The chart context explains why. UNI has been consolidating inside a developing symmetrical triangle, with lower highs being met by higher lows as both trendlines converge. The past two attempts to break above the upper resistance were rejected hard, with sellers stepping in precisely at the triangle boundary. The large wick from today’s session is a direct reflection of that dynamic — momentum pushing up, supply pushing back.

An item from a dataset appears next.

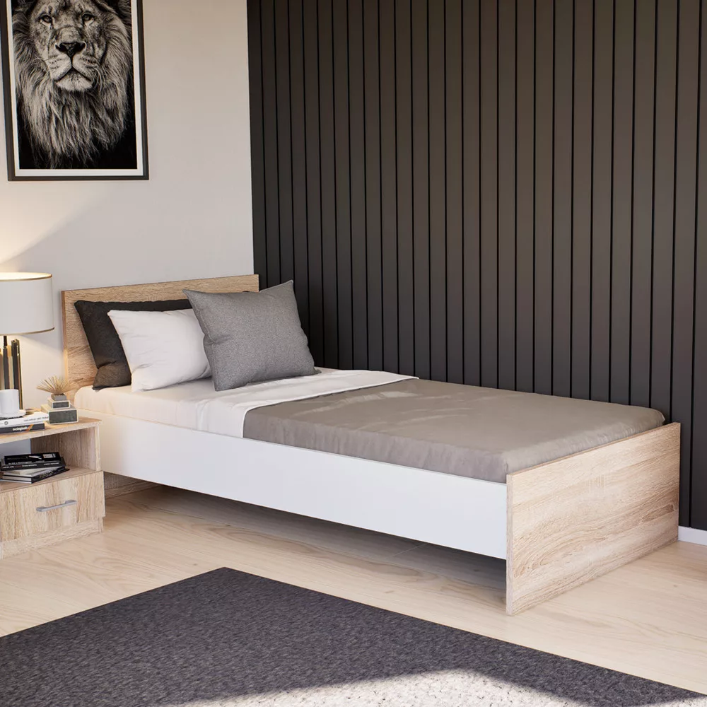 Wysokiej jakości płyta meblowa z białym panelem bocznym, wezgłowiem w kolorze dąb sonoma i zakończeniem łóżka. |
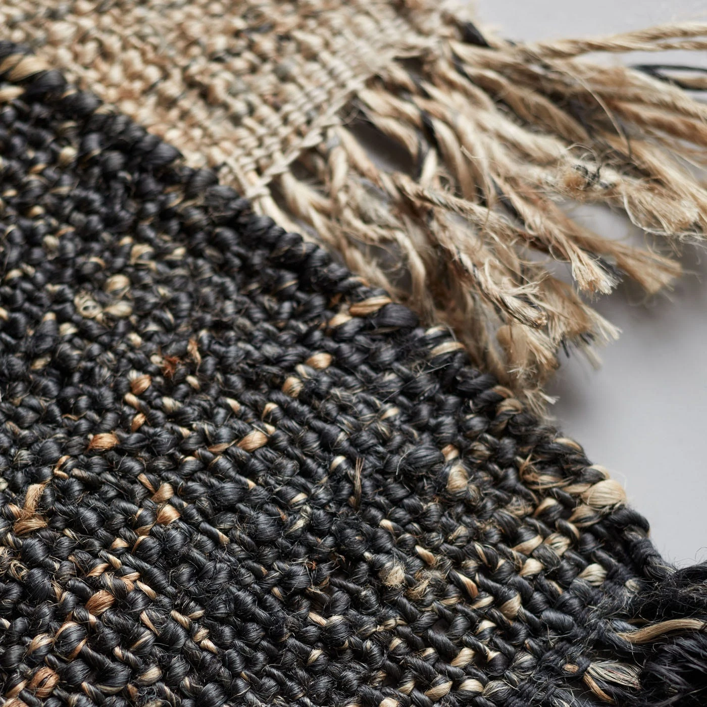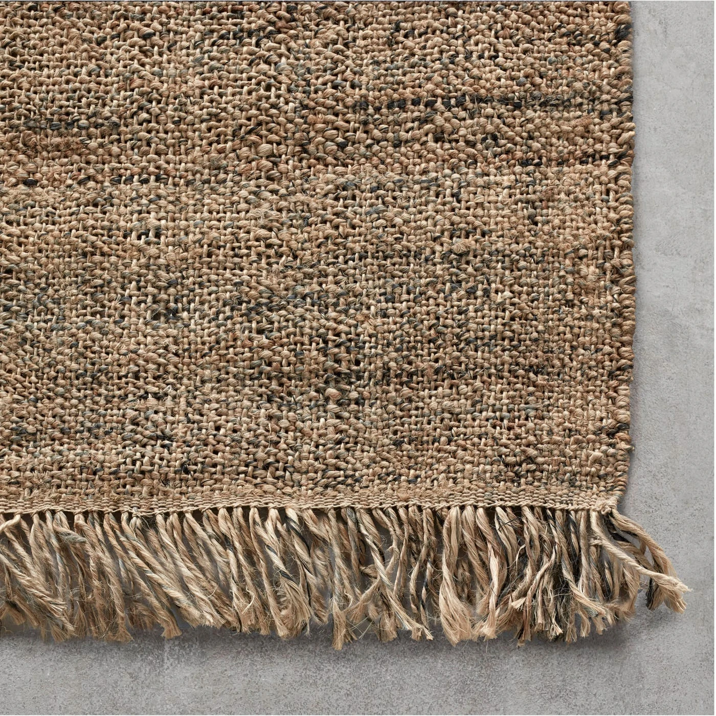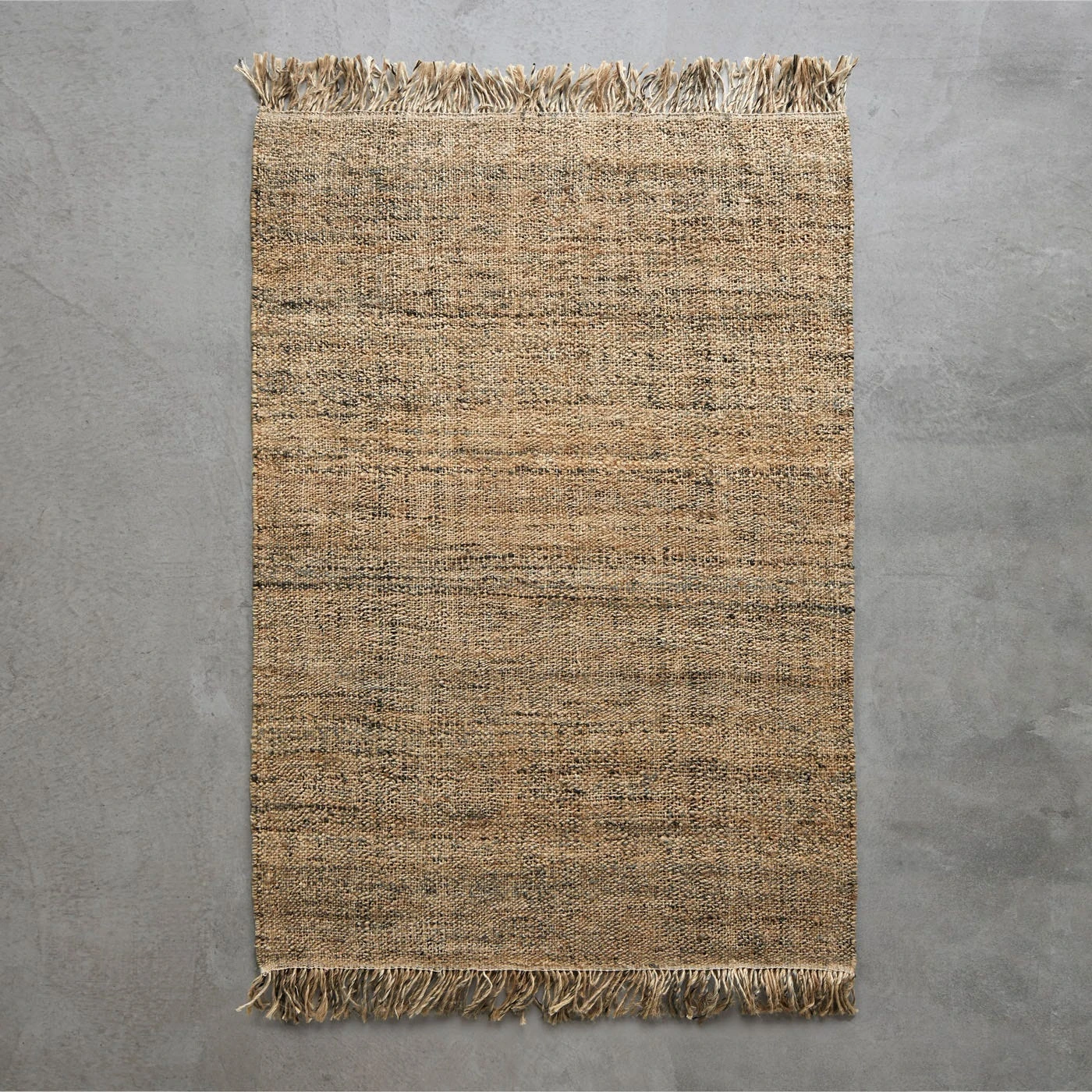 Warm and grounding, this natural jute rug brings an organic touch of texture into your home. It’s handwoven giving it that beautiful, slightly imperfect quality. Natural jute fibers are twisted with black and gray ones providing depth and contrast. It’s double-sided, so you can flip it over for even wear. Fringe on the ends adds character and highlights the natural jute. Perfect for a sunny seating area or beneath your favorite reading chair, this rug shines without grabbing attention.

However, smart money positioning remains aggressive, as the Smart Money Index is still way above the signal line. This keeps the possibility of a breakout alive if broader market conditions improve. A confirmed 12-hour close above $4.21 would validate the breakout and give UNI a possible bullish direction. That would open upside toward $4.88 and potentially $5.95 if DeFi rotation picks up meaningfully through March.

UNI Price Analysis
UNI Price Analysis: TradingView

On the downside, $3.81 is the key support. A break there risks pushing UNI toward the lower triangle boundary. However, buyers have consistently defended that zone since early February, suggesting the symmetrical structure remains intact and continues narrowing. However, if the broader market sell-off begins, traders need to keep a close eye on whale and smart money positioning.

Bitcoin Cash (BCH)

Bitcoin Cash is another name where whale accumulation has turned suddenly aggressive. BCH is up just 1.5% in the past 24 hours, underperforming the broader market. But zoom out, and Bitcoin Cash is up nearly 70% year-on-year. That is a standout number. Most major crypto names cannot say the same.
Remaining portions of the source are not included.